_WHAT NEEDS TO BE DONE:_ Take the lines in the listing below from the line with "<源兵衛での二次会にも多くの先輩が参加しました>" up to and including the line with "Ri linn Raibeart" and set them down exactly, skipping pictures and adding nothing.

_DATASET CONTENT:_
· · · · ·

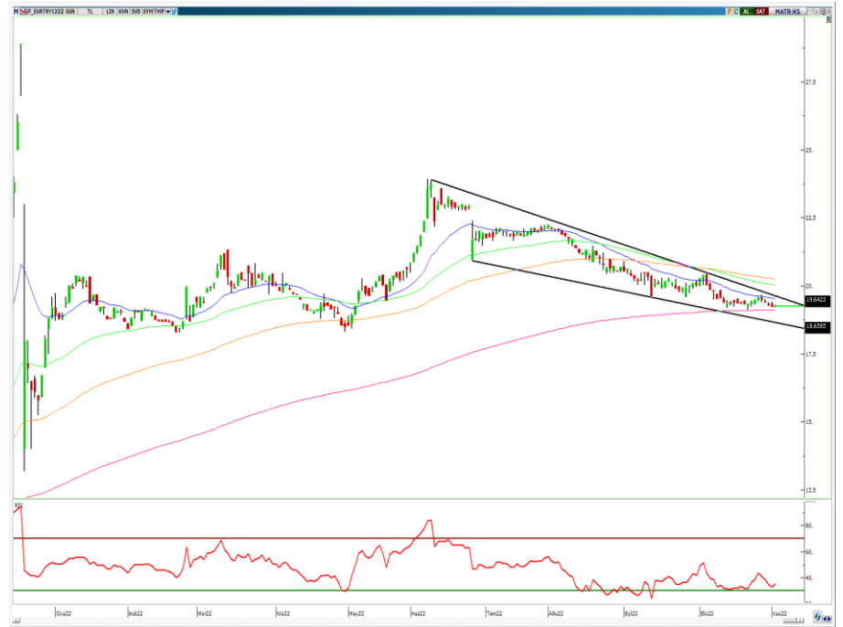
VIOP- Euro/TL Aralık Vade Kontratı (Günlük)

· · · · ·

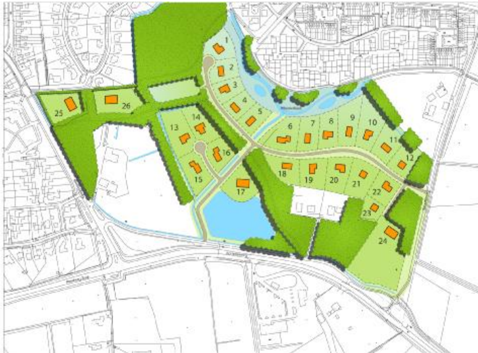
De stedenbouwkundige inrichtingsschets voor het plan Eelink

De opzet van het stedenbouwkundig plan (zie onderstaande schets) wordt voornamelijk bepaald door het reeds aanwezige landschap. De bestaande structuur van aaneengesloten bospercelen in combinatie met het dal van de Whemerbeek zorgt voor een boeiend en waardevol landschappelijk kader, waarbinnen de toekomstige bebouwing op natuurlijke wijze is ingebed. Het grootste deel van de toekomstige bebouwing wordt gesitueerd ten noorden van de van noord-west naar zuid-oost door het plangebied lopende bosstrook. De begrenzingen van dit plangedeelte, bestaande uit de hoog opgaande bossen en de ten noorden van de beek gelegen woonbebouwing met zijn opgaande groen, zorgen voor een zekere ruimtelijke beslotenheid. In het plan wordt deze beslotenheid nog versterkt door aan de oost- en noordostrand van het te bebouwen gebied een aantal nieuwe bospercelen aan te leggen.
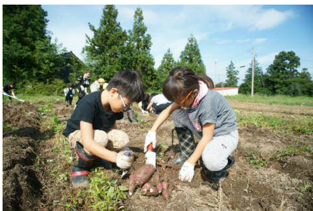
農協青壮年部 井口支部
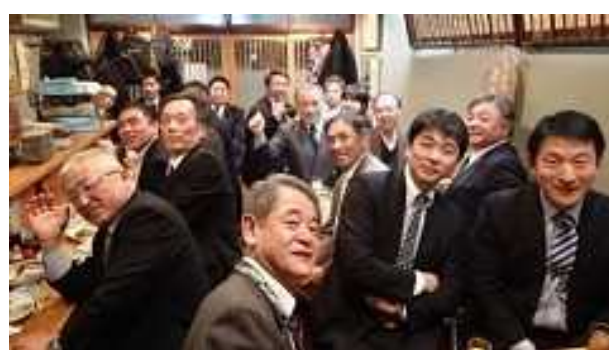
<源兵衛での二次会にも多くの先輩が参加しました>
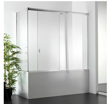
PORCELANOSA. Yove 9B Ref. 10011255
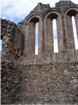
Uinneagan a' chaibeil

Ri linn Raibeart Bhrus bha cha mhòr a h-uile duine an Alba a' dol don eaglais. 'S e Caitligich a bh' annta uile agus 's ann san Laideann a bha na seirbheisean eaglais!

· · · · ·

_RESPONSE TO THIS EXERCISE:_
<源兵衛での二次会にも多くの先輩が参加しました>
PORCELANOSA. Yove 9B Ref. 10011255
Uinneagan a' chaibeil

Ri linn Raibeart Bhrus bha cha mhòr a h-uile duine an Alba a' dol don eaglais. 'S e Caitligich a bh' annta uile agus 's ann san Laideann a bha na seirbheisean eaglais!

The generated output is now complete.